# Anyone Near Danville, VA



## MoonRiver (Sep 2, 2007)

Row Cover and Fiberglass Rods - Free to good home

It's close to a full roll, I probably used 100'. I think there are about 100 rods. You just poke end of rod in ground, bend and push other end in ground. Put row cover material over and then use clips to hold in place.

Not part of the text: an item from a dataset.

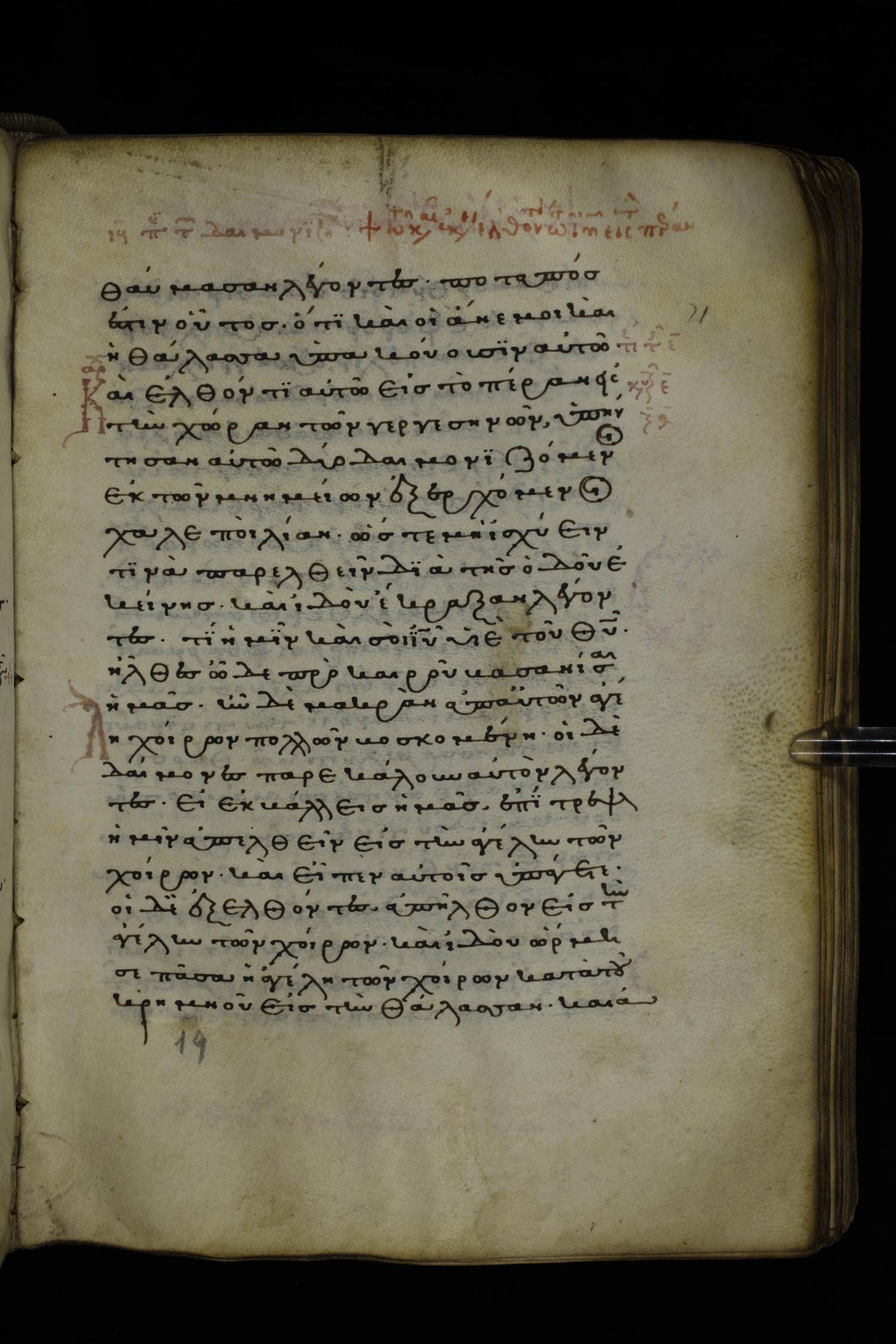 Thirteenth or fourteenth century minuscule of the Gospels on parchment; 312 leaves, 1 column, 19-22 lines per column. Images were taken at the National Library of Greece in Athens.

ETA: I also have a 9 drawer Excaliber Dehydrator I'll sell to a local member of HT for $50.


----------



## Seth (Dec 3, 2012)

My wife would LOVE those, and I work in Danville. I’d be glad to pay you for them. Seth


----------



## MoonRiver (Sep 2, 2007)

Seth said:


> My wife would LOVE those, and I work in Danville. I’d be glad to pay you for them. Seth


take them. I'm feeling generous today. I do have a Excaliber 9 tray dehydrator I have up on FB Marketplace for $75, but will sell it local to anyone here for $50.


----------



## Clem (Apr 12, 2016)

I've always wanted a good dehydrator. I already had a bad one and god a bad taste(so to speak) about dehydrating. But, It'd be nice to have a good one. I go to Danville every couple months, but I can make a list for Lowes, Walmart, or Harbor Freight, and make it up this weekend, or whenever suits you. Let me know.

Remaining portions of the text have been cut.